*** Opening Information provided ***

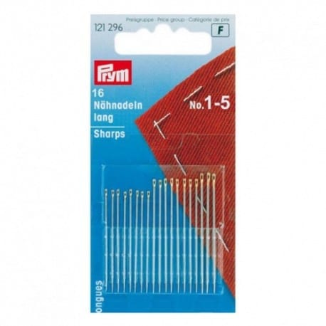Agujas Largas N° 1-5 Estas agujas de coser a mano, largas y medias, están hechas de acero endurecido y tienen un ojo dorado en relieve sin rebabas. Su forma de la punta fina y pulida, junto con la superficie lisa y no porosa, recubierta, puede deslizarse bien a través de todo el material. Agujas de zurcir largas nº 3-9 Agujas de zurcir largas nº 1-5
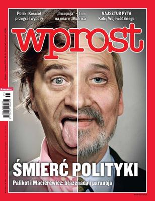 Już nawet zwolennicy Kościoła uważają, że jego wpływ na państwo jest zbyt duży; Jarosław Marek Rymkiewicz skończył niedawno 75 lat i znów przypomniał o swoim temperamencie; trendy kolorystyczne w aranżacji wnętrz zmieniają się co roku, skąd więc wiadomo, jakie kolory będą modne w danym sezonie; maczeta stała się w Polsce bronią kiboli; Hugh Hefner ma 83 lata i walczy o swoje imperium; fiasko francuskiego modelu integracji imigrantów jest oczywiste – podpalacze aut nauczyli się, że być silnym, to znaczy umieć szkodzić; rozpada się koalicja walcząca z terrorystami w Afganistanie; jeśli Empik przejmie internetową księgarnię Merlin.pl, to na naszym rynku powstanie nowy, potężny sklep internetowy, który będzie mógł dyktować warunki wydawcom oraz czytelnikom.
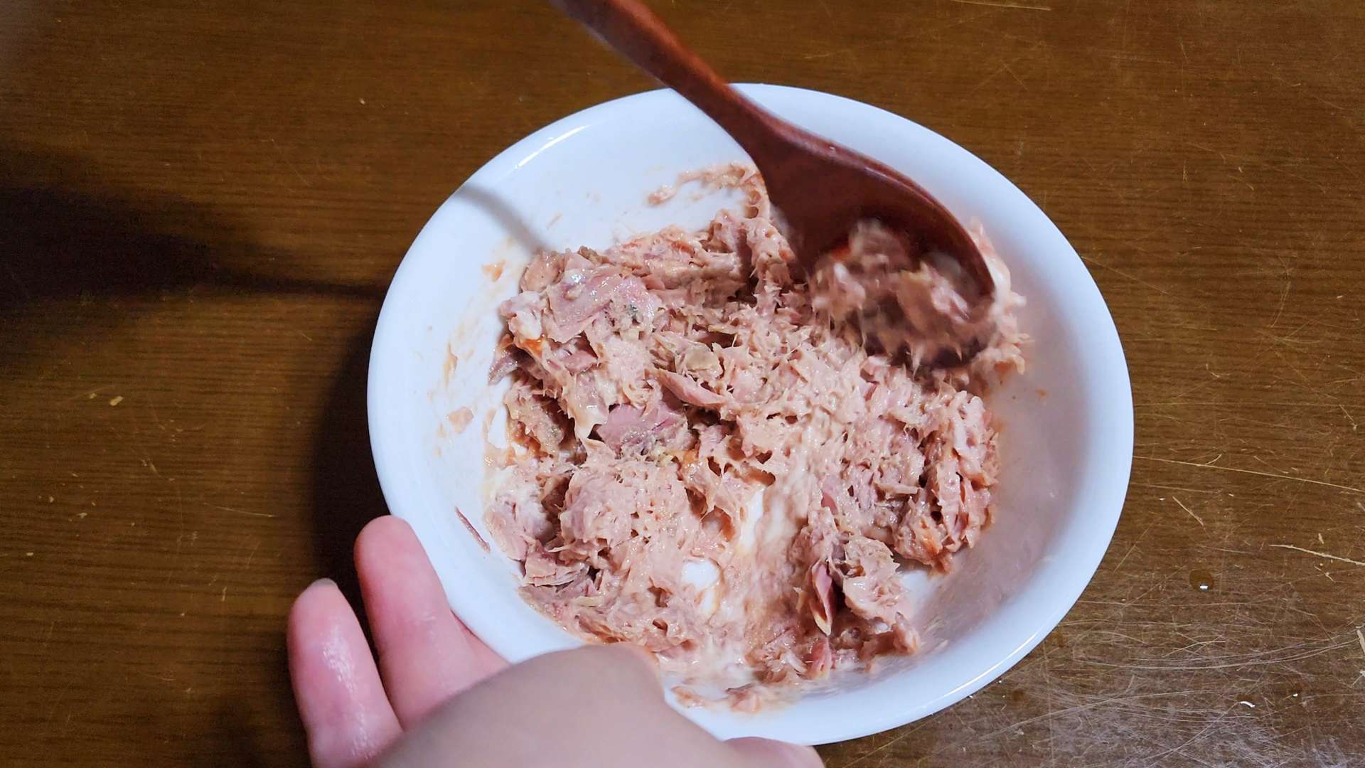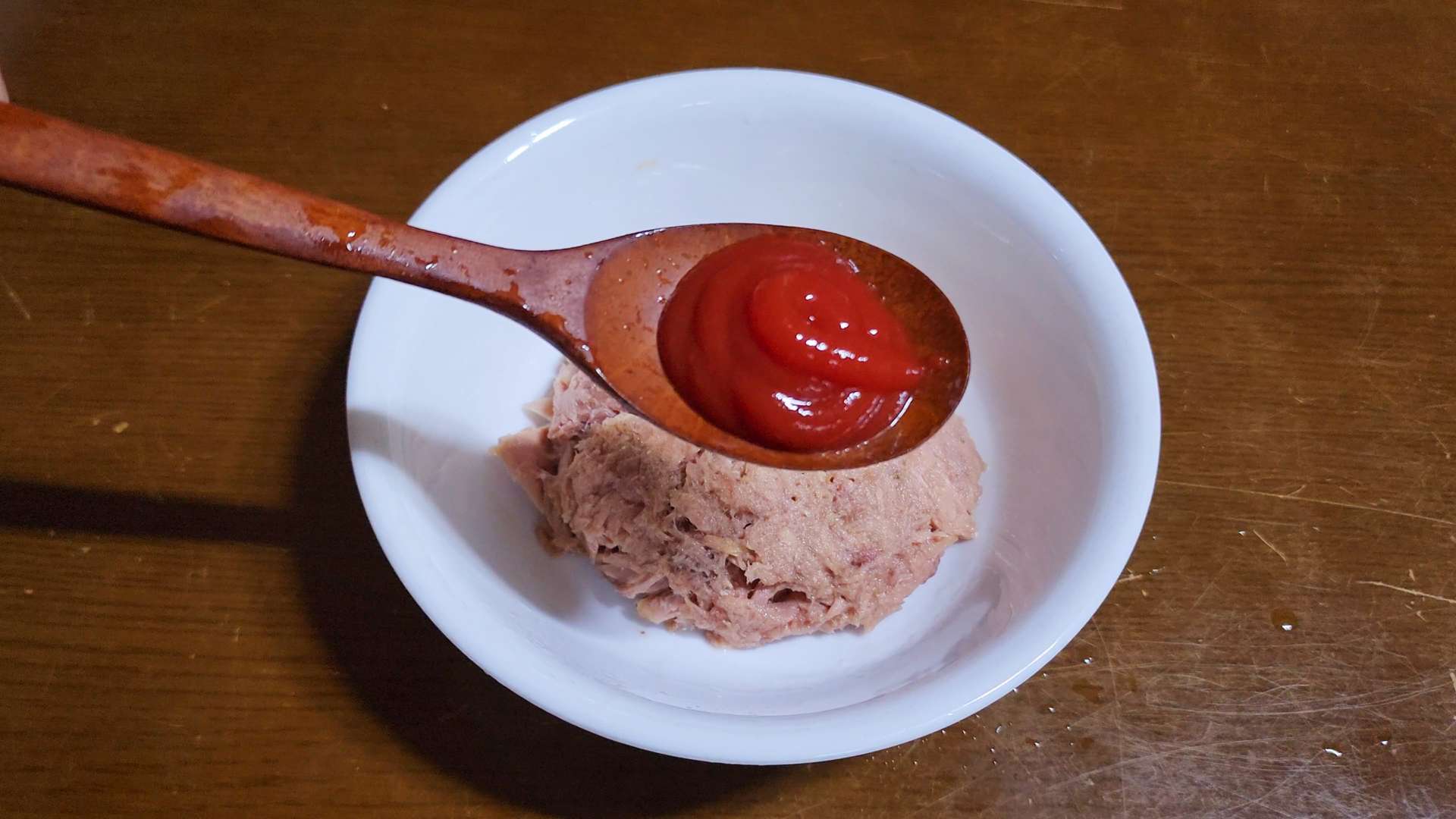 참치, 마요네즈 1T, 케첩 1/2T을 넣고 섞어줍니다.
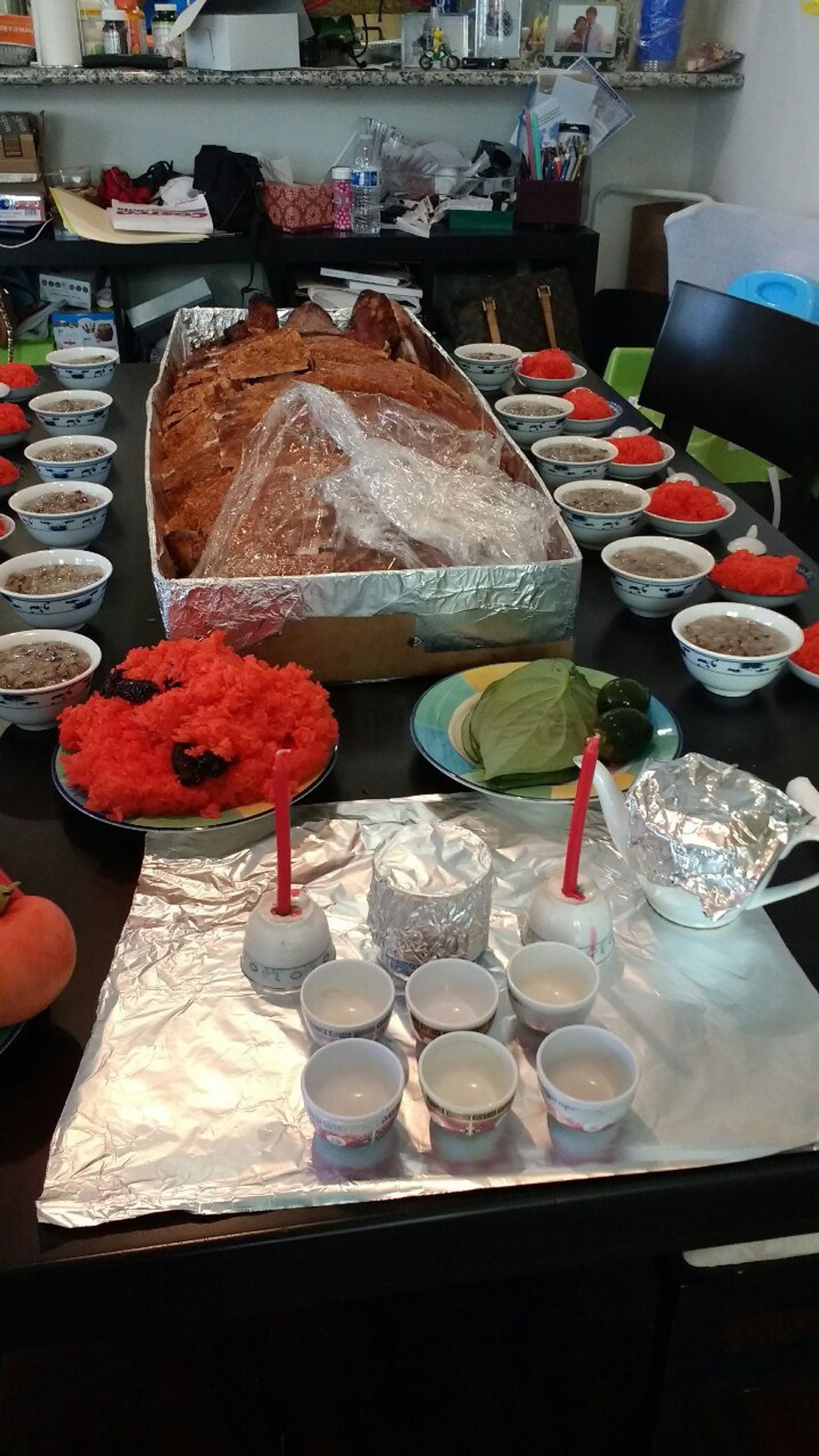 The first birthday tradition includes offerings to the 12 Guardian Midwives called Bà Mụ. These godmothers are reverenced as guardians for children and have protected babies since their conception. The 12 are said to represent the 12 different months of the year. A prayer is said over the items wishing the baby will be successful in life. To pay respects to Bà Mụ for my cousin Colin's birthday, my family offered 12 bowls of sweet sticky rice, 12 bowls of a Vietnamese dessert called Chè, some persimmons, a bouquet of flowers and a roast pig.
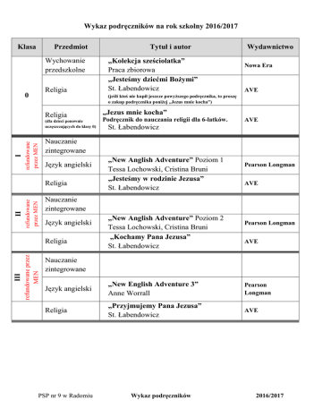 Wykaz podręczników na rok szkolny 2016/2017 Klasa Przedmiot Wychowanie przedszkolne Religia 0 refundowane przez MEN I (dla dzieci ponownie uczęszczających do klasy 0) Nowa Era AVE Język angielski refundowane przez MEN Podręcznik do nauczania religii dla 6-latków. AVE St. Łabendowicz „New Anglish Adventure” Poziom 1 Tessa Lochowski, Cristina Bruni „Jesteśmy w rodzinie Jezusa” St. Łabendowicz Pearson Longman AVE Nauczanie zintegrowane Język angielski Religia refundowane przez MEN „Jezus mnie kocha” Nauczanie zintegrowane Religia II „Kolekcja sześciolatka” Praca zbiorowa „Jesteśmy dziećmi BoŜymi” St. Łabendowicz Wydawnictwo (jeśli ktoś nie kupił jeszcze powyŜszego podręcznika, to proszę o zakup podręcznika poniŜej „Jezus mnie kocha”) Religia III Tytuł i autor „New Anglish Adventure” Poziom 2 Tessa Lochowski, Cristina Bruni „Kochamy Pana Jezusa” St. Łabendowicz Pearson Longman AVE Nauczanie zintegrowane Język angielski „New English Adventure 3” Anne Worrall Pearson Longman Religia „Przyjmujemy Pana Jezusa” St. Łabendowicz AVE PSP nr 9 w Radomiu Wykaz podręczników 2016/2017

*** Closing Information provided ***

Aim of the exercise: Above are the records; return the lines in them from the one with "참치, 마요네즈 1T, 케첩 1/2T을 넣고 섞어줍니다." to the one with "The first birthday", inclusive, exactly and without images.

Solution for this problem:
 참치, 마요네즈 1T, 케첩 1/2T을 넣고 섞어줍니다.
 The first birthday tradition includes offerings to the 12 Guardian Midwives called Bà Mụ. These godmothers are reverenced as guardians for children and have protected babies since their conception. The 12 are said to represent the 12 different months of the year. A prayer is said over the items wishing the baby will be successful in life. To pay respects to Bà Mụ for my cousin Colin's birthday, my family offered 12 bowls of sweet sticky rice, 12 bowls of a Vietnamese dessert called Chè, some persimmons, a bouquet of flowers and a roast pig.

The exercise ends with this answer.